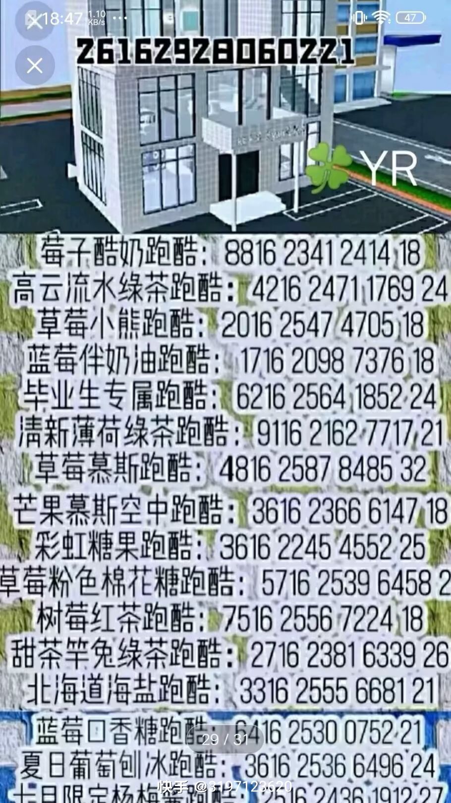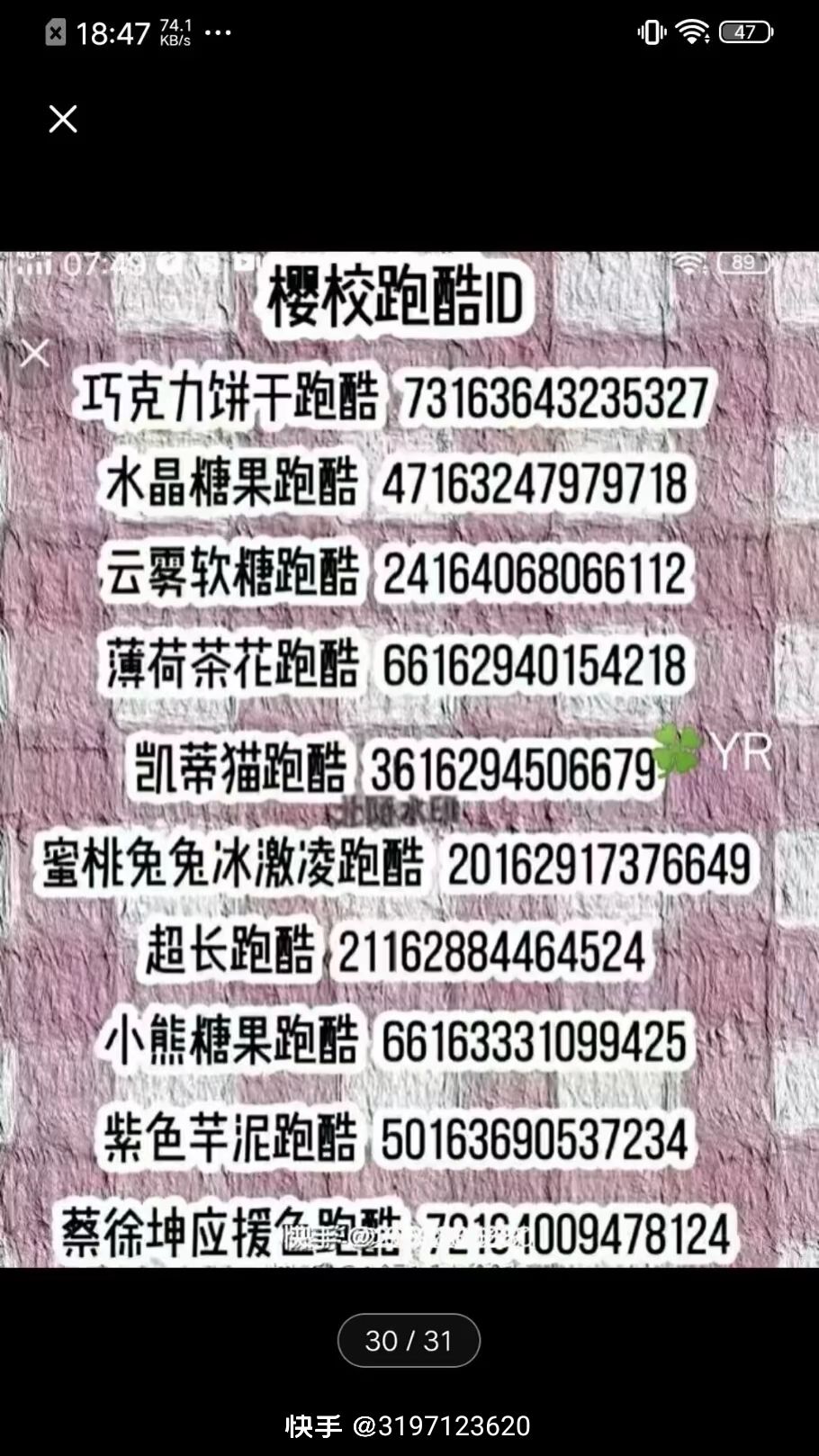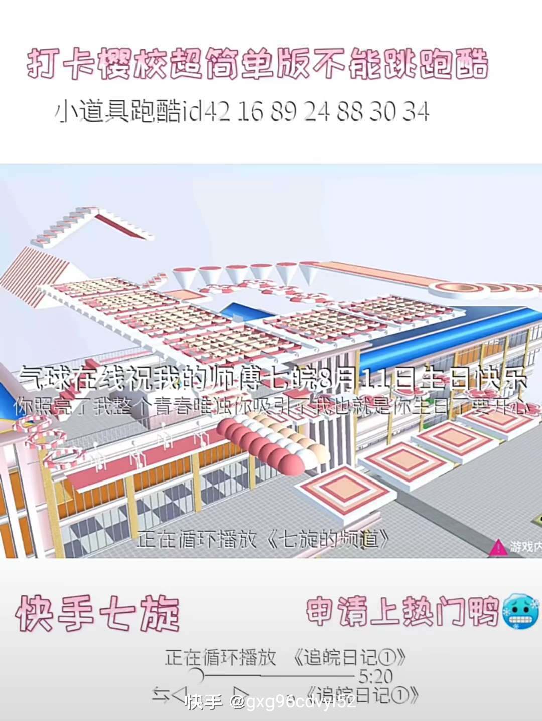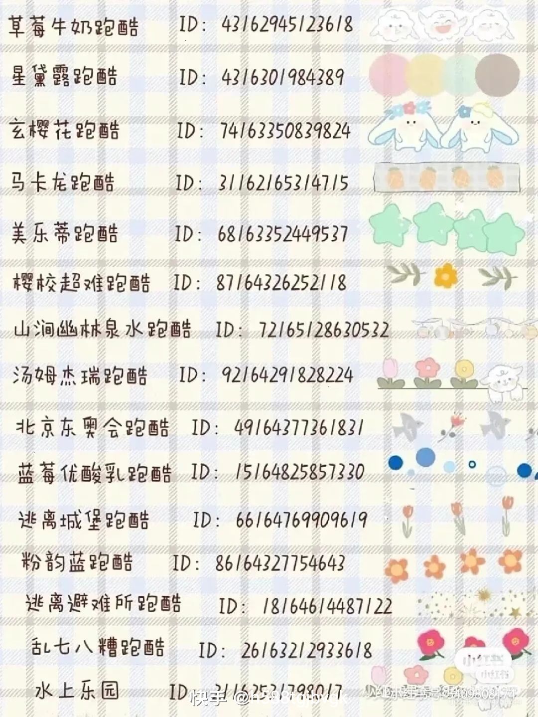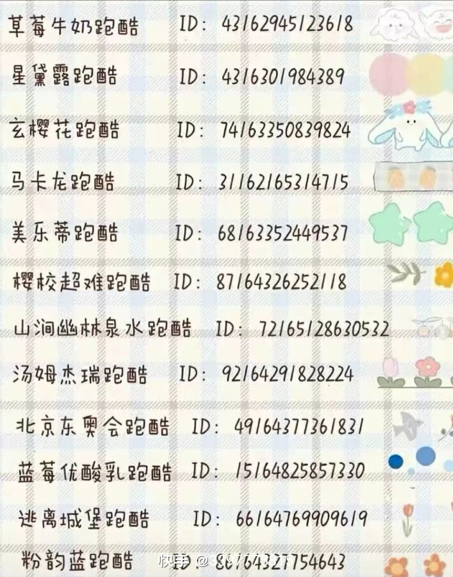 跑酷ID和建筑ID都有可以在快手上搜有很多建筑跑酷ID也有卡点可以自己搜索还有卡点和樱校新手小技巧新手有不会的可以去搜索自己想要的素材
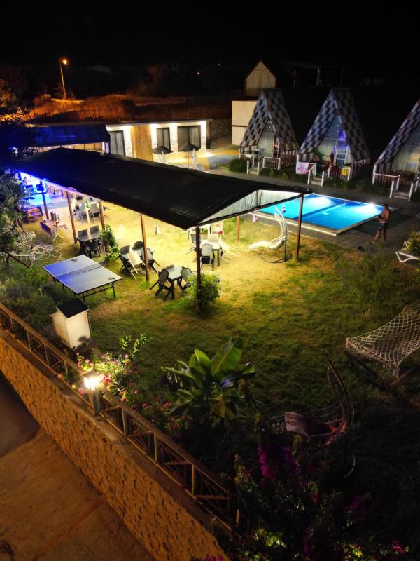 Antalya’nın huzurlu köşelerinden Demre’de, sevdiklerinizle birlikte unutulmaz bir tatil geçirmenizi sağlayacak bungalov otelimiz, doğayla iç içe bir konfor vadediyor. Güne, kuş sesleri eşliğinde zengin ve lezzet dolu kahvaltımızla enerjik bir başlangıç yapabilir, ardından açık yüzme havuzumuzda serinleyerek tüm yorgunluğunuzu geride bırakabilirsiniz. Çocuklar için özel olarak tasarlanmış güvenli yüzme havuzumuz, ailelerin gönül rahatlığıyla tatilin tadını çıkarmasını sağlarken, dev salıncaklarımızda çocuklar kadar yetişkinler de eğlenceli anlar yaşayıp, içindeki çocuğu keşfedebilir. Hem huzuru hem de eğlenceyi bir arada bulabileceğiniz bir tatil deneyimi sizi bekliyor! Tavla ve satranç köşemiz, dostlarınızla keyifli vakitler geçirmenizi sağlarken, mangal alanımızda enfes lezzetler yaratabilir, havuz barımızda içeceklerinizi yudumlayabilirsiniz. 4 kişiye kadar konaklama imkanı sunan bungalov evlerimiz, modern tasarımıyla rahatlığınızı ön planda tutarken, Wi-Fi bağlantısı ve geniş otoparkıyla konforlu bir deneyim sunar. Demre’nin eşsiz atmosferinde, her anı dolu dolu yaşayacağınız bu tatil, sizi hem doğanın kalbine hem de huzurun merkezine davet ediyor.
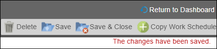- Select Save. A confirmation message will appear along with optional Delete and Copy Work Schedule buttons → use as needed. Select Return to Dashboard to view the Scheduler.
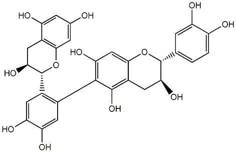 InChI=1S/C30H26O12/c31-12-4-18(33)15-8-24(39)30(42-25(15)5-12)14-7-21(36)20(35)6-13(14)27-22(37)10-26-16(28(27)40)9-23(38)29(41-26)11-1-2-17(32)19(34)3-11/h1-7,10,23-24,29-40H,8-9H2/t23-,24-,29+,30+/m0/s1 |
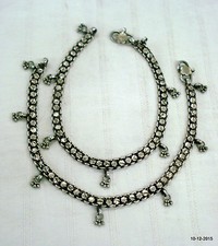 Vintage Antique Tribal Old Silver Anklet Pair Ankle Chain Feet Bracelet
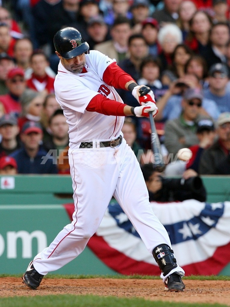 エンゼルスは9回二死、ボビー・アブレイユ(%%Bobby Abreu%%)の適時打二塁打とブラディミール・ゲレーロ(%%Vladimir Guerrero%%)の2点適時打で3点を挙げて逆転した。写真は8回、適時打を放つレッドソックスのマイク・ローウェル(%%Mike Lowell%%)。(2009年10月11日撮影)(c)AFP/Getty Images/Jim Rogash
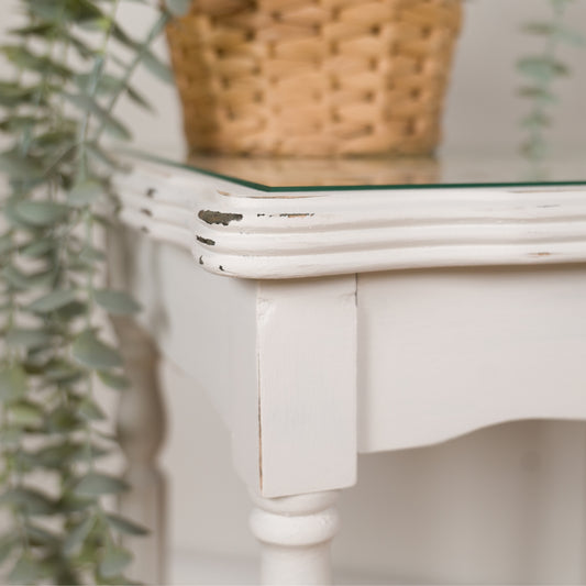 Pair of Vintage Upcycled Shabby Chic Side Tables with Botanical Glass TopsRegular price £185.00 GBPRegular priceUnit price per-

□ □ □ □

Task to complete
When you transcribe the entries above, keep every word exact and leave out the pictures.

Solution to the exercise
 跑酷ID和建筑ID都有可以在快手上搜有很多建筑跑酷ID也有卡点可以自己搜索还有卡点和樱校新手小技巧新手有不会的可以去搜索自己想要的素材
 Antalya’nın huzurlu köşelerinden Demre’de, sevdiklerinizle birlikte unutulmaz bir tatil geçirmenizi sağlayacak bungalov otelimiz, doğayla iç içe bir konfor vadediyor. Güne, kuş sesleri eşliğinde zengin ve lezzet dolu kahvaltımızla enerjik bir başlangıç yapabilir, ardından açık yüzme havuzumuzda serinleyerek tüm yorgunluğunuzu geride bırakabilirsiniz. Çocuklar için özel olarak tasarlanmış güvenli yüzme havuzumuz, ailelerin gönül rahatlığıyla tatilin tadını çıkarmasını sağlarken, dev salıncaklarımızda çocuklar kadar yetişkinler de eğlenceli anlar yaşayıp, içindeki çocuğu keşfedebilir. Hem huzuru hem de eğlenceyi bir arada bulabileceğiniz bir tatil deneyimi sizi bekliyor! Tavla ve satranç köşemiz, dostlarınızla keyifli vakitler geçirmenizi sağlarken, mangal alanımızda enfes lezzetler yaratabilir, havuz barımızda içeceklerinizi yudumlayabilirsiniz. 4 kişiye kadar konaklama imkanı sunan bungalov evlerimiz, modern tasarımıyla rahatlığınızı ön planda tutarken, Wi-Fi bağlantısı ve geniş otoparkıyla konforlu bir deneyim sunar. Demre’nin eşsiz atmosferinde, her anı dolu dolu yaşayacağınız bu tatil, sizi hem doğanın kalbine hem de huzurun merkezine davet ediyor.
- Select Save. A confirmation message will appear along with optional Delete and Copy Work Schedule buttons → use as needed. Select Return to Dashboard to view the Scheduler.
 InChI=1S/C30H26O12/c31-12-4-18(33)15-8-24(39)30(42-25(15)5-12)14-7-21(36)20(35)6-13(14)27-22(37)10-26-16(28(27)40)9-23(38)29(41-26)11-1-2-17(32)19(34)3-11/h1-7,10,23-24,29-40H,8-9H2/t23-,24-,29+,30+/m0/s1 |
 Vintage Antique Tribal Old Silver Anklet Pair Ankle Chain Feet Bracelet
 エンゼルスは9回二死、ボビー・アブレイユ(%%Bobby Abreu%%)の適時打二塁打とブラディミール・ゲレーロ(%%Vladimir Guerrero%%)の2点適時打で3点を挙げて逆転した。写真は8回、適時打を放つレッドソックスのマイク・ローウェル(%%Mike Lowell%%)。(2009年10月11日撮影)(c)AFP/Getty Images/Jim Rogash
 Pair of Vintage Upcycled Shabby Chic Side Tables with Botanical Glass TopsRegular price £185.00 GBPRegular priceUnit price per-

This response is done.